- First appearance: Vox official Twitter account
- Based on: Android 5.0 ghost emoji

In-universe information
- Affiliation: LGBT movement

= Gaysper =

LGBTQ symbol

Gaysper is an LGBTQ symbol based on the ghost emoji of Android 5.0. It is a modification of the original icon that uses a background with the colors of the rainbow flag. It became popular in Spain from April 2019 following a tweet posted on the official account of the populist far-right party Vox, after which a multitude of users belonging to the LGBT movement began to use it as a symbol. The icon has established itself as an example of the phenomenon of reappropriation of elements of the anti-LGBT discourse in contemporary society through social networks.
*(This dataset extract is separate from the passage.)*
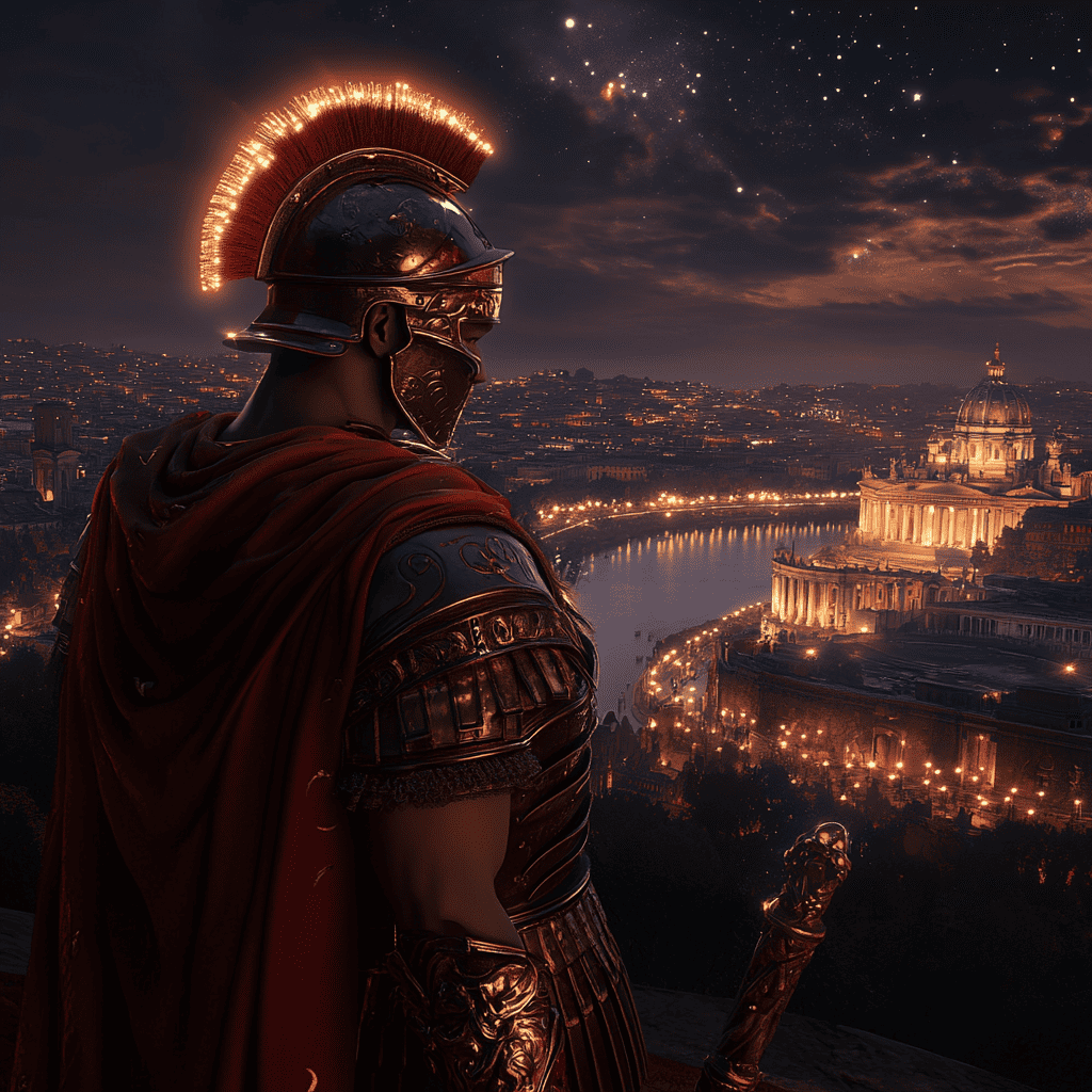 In his later years, an amazing event unfolded: Romulus, standing on a chariot of flames and stars, ascended into the sky, shedding his mortal form like a shadow at dawn. Joining the pantheon, the heavens lit with his triumphant rise, he became a constellation—a bright guardian watching over the city that always held his heart and name.
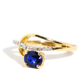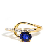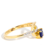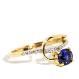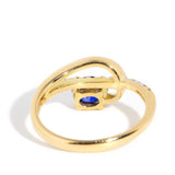 Eleni 1980s Blue Sapphire & Pave Set Diamond Ring 18ct Gold

==Origin and popularization==
On 28 April 2019, general elections were being held in Spain. The same day, the populist right-wing party Vox shared a controversial tweet in which it invited its voters to vote through the claim "Let the battle begin!". The message was accompanied by a photomontage of a scene from the film The Lord of the Rings: The Return of the King depicting Aragorn facing a crowd of orcs, whose figure had been modified and replaced with symbols contrary to the party's ideology: the feminist symbol, the hammer and sickle, the flag of the Second Spanish Republic and the Catalan independence estelada, several logos of media outlets such as El País or Cadena SER, the symbol of the raised fist, the symbol of the anti-fascist movement and, among them, a modified version of the ghost emoji (👻) of the Android 5.0 version with the colors of the LGBT flag.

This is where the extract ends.